I guess there are similarities. Consider that exhausted shoppers, just emerging from their #turkeycomas ‘kinda resemble zombies, and it is pretty cold out, tonight. Cold could equal climate change which could be a fore bearer of a forthcoming, catastrophic depletion of the Earth’s atmosphere. And then there is the fact that I’m writing this on an iPad which I did not purchase on Black Friday (I purchased it about a week ago), but I’ve always maintained that me, giving in to the Cult of Apple would be one of the signs of the apocalypse. Why not a zombie one? I guess in the end it all comes down to one, indisputable fact.

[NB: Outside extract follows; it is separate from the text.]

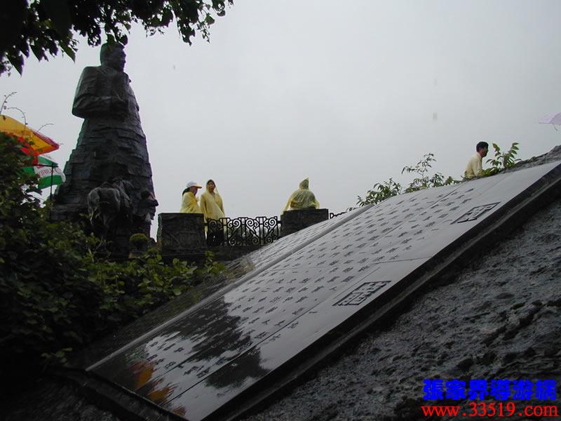賀龍銅像高6.5米,重9.3噸,是國(guó)內(nèi)迄今為止最大的一尊單人銅像。你看他身著軍大衣,那根曾伴他叱咤風(fēng)云的大煙斗捍在手中,那匹曾仰天長(zhǎng)嘯的大白馬依偎在膝旁,天風(fēng)吹衣,目光如炬,整個(gè)造型、色彩氣韻,就連軍大衣上的皺褶都和砂巖大峰林渾然一體,與這里的三千奇峰一道頂天立地,櫛雨沐風(fēng)。

And that fact?

Those of us with access to Macallan Single Malt should not be allowed anywhere near an iPad while drinking it. We should be content to simply allow our own respective, post-Thanksgiving dinner #turkeycomas to engulf us before our minds start racing. But then again, without imagination, The iPad, Macallan Single Malt, Curiosity, hash tags and the eminent, Zombie Apocalypse wouldn’t exist.

F*cking tradeoffs. 1:18 AM, guys. Sweet dreams.